The recent FC-BI IOT in Insurance conference highlighted some of the key challenges faced by the industry. Existing insurance models, risk assessments and, in some areas, the move to self insurance is outpacing the Industries capabilities to adopt new technologies.
Speaker after speaker identified pragmatic value and opportunity from assessing, adopting, or re-evaluating the value insurance products. Pet, life, automotive, household as well as some speciality insurance all came under the microscope.
A good challenge from delegates concerned the readiness of the technology for society, its usage for insurance, and to create the information for new pricing models. The counterchallenge highlighted new insurance entrants, with lower product price points, and having no knowledge of the client, but gaining market share. Looks as though the consumer battle has started.
One are of debate was the time it would take insurers to be ready. Many insurer admitted that the key challenge was that the existing IT wasn’t good enough. A little digging revealed the true challenge: that insurer data hasn’t had the custodianship and care that it should have. Specifics about lack of a single view, multiple masters of data for different products, poor or no consideration of data quality and “we don’t really know what data we have” were raised at several lively discussions.
The announcement from KPN is highly relevant. It shows how todays technology adoption is moving faster than traditional business models. The Netherlands is now IOT communication ready. Startups can deploy sensors for home care, monitoring and management in social housing (reducing costs) to gated communities (providing safety and security) , animal welfare and cattle monitoring management, to smart cities all through LoRa.
To make this a commercially viable proposition for insurers to adopt though, sensing devices and communications require a platform.

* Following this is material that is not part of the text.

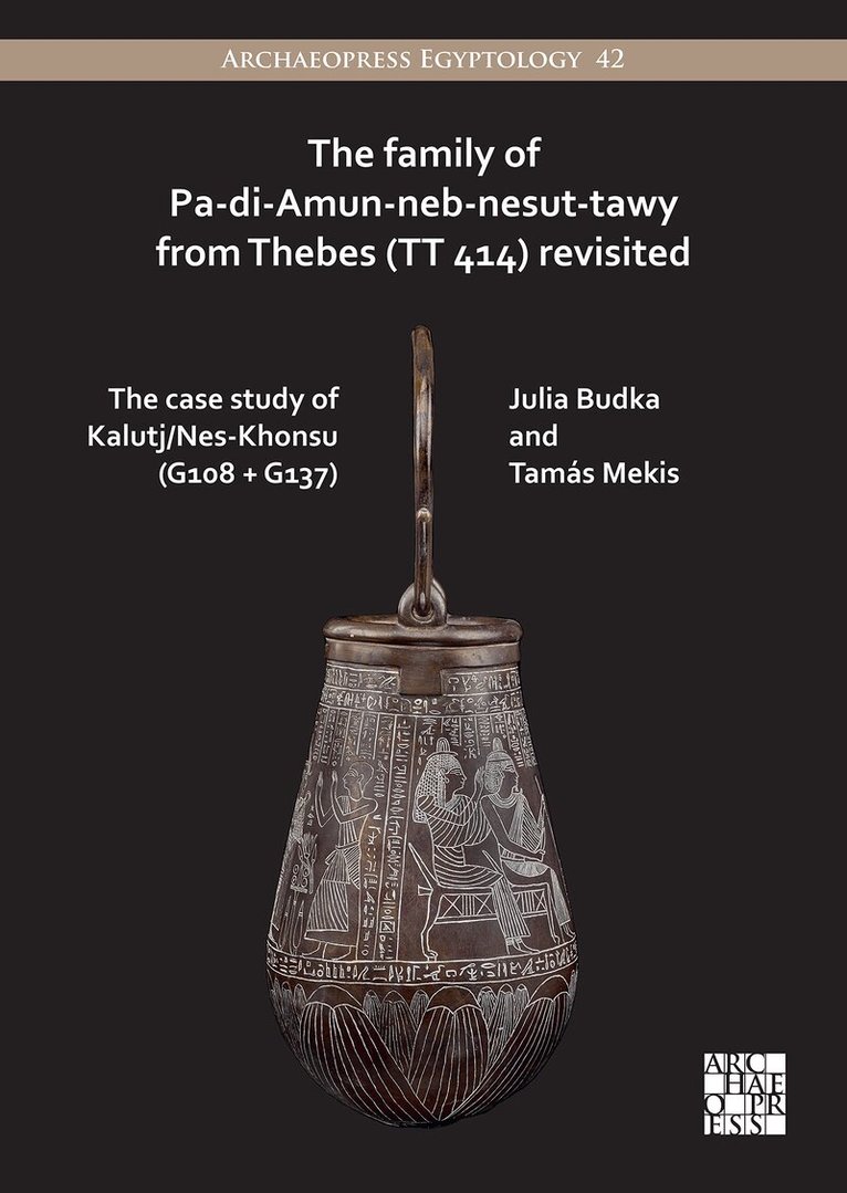The Family of Pa-di-Amun-neb-nesut-tawy from Thebes (TT 414) revisited provides fresh material about the identity of one of the key figures of the family that reused the Saite tomb of Ankh-Hor (TT 414) in the Asasif from the 4th century BCE onwards. It is the woman Kalutj/Nes-Khonsu, who was previously listed in the genealogical register of TT 414 as Pa-di-Amun-neb-nesut-tawy’s daughter and wife of one of his sons, Hor. By examining objects found by the agents of the consuls in the 19th century CE and those found by the Austrian mission in the 1970s in TT 414 and in wider Theban contexts, the authors are able to identify Kalutj/Nes-Khonsu, wife of Hor, as another, until now overlooked individual, separate from his sister with the same name. The examination of the funerary assemblage of Kalutj/Nes-Khonsu and of objects belonging to her husband, daughter and sons reveals not only details of Late Dynastic and Ptolemaic burial customs in Thebes but also additional information on the priesthood of Khonsu and of the sacred baboons in this era.This new identification of a previously overlooked person, the mistress of the house and daughter of the first prophet of Amun, Kalutj/Nes-Khonsu (G108 + G137), demonstrates that the finds from TT 414 are still far from being processed in their totality. This material has the potential to provide answers to some of the open questions regarding Late Dynastic/Ptolemaic Thebes and to contextualise funerary assemblages.

In the Netherlands The Things Network (“TheThingsNetwork.org” TTN) platform provides a packaged configurable solution to integrate monitoring devices in any location. This provides immediate opportunity for insurers and for insurance FinTech.
Will the UK be next?
At the IOT in Insurance innovation awards ceremony Mike Beardmore, UK evangelist for the The Things Network (TTNReading.org) spoke to insurers, re-insurers and entrepreneursabout the existing multiple deployments of TTN in the UK, and active pipeline to implement more. Mike specifically highlighted deployments for flood warning.
Looks like it is already here!
The KPN network is a low data rate (LoRa) mobile communications network that is also compatible with the telecom’s 2G, 3G, and 4G phone network. Both the long-range and low-data-rate aspects of KPN’s network are necessary to connect “things” that cannot connect to the Internet via Wi-Fi. The greater issue for IoT with Wi-Fi is that the “things” will often be far apart. In most cases there won’t be a heavy data stream because the content of the signals will be on the order of “I’m here” with a GPS coordinate, “I’m on,” or “My temperature is xx.” Usually it will be pretty simple stuff.